Alan left Boeing to become the CEO and president of the Ford Motor Co. in 2006. With him went that infectious spirit that inspired both management and the workforce – a unique style of leadership that Boeing has not seen since.
I’m from that earlier era when employees mattered. We were considered an essential part of the team and we responded by building one of Boeing’s best jets ever.
How ironic that the derivative to the 777, the 777X, will be built under the cloud of deep division, rather than the collaborative philosophy of a winning program. It’s now all about the bottom line.
And that line has now been drawn in the sand, as the IAM recently rejected a sudden mid-contract “take it or leave it” proposal from Boeing that would ensure it would be built in the Puget Sound area.

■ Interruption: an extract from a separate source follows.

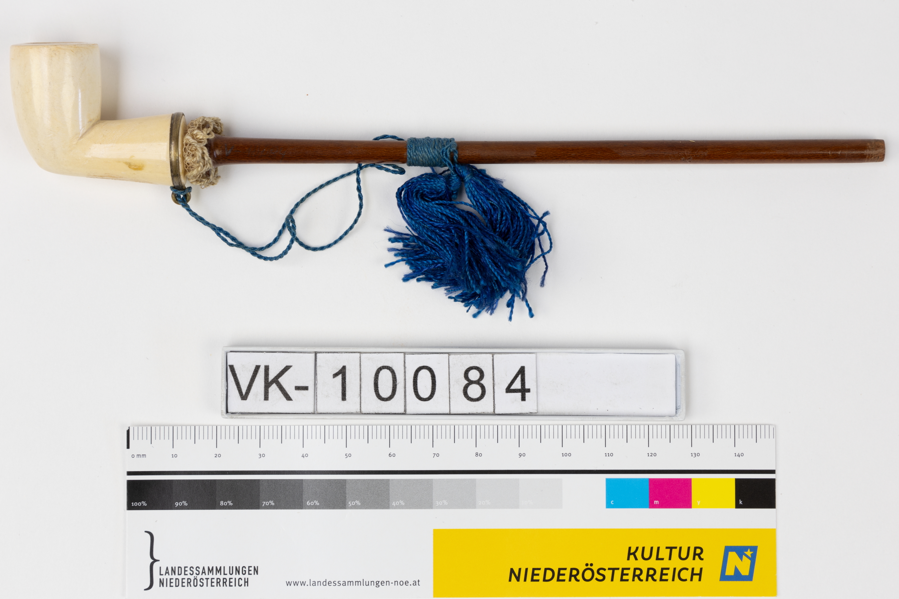 Kleine, aus Elfenbein geschnitzte, glattflächige Pfeife mit einem langen Holzrohr und einer blauen Quaste.
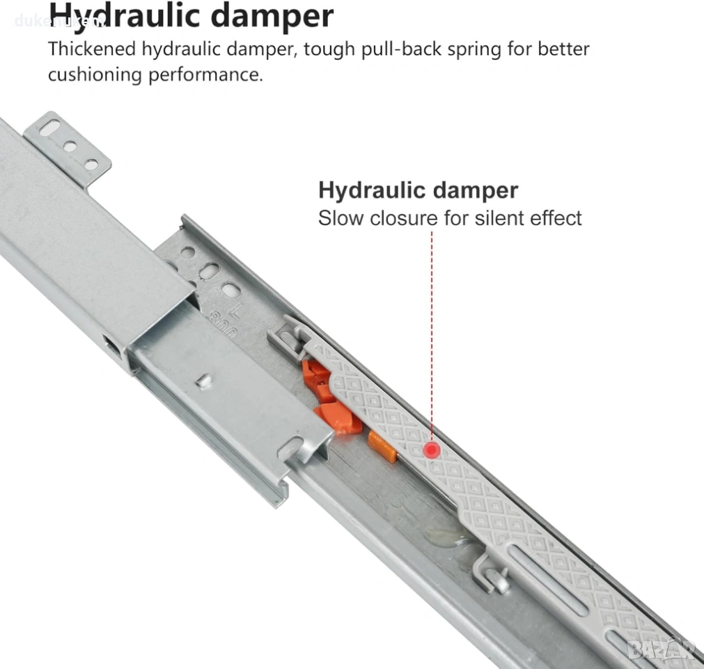 Водачите разполагат с хидравлична система за плавно затваряне (soft close), която осигурява изключително тиха работа – до 30 dB, предпазва мебелите от удари и удължава техния живот.

Without a blink, Boeing is out looking to other “wanna be” sites, states and workforce to fill a need that can be satisfied right under their nose by talented and dedicated employees.
It’s anyone’s guess when this deep chasm separating the company and its IAM members will close, or if it will. If it doesn’t, the cost will be painful to the company, its workforce and its customers.
Maybe what we need is a “wanna be” Alan Mulally – someone who can step in and sell the idea to both management and the IAM on how much can be accomplished if you are willing to work together.
I still cherish my jacket after all these years. It remains in the closet needing a new liner for all its wear and tear. It’s also much smaller than I ever remember being!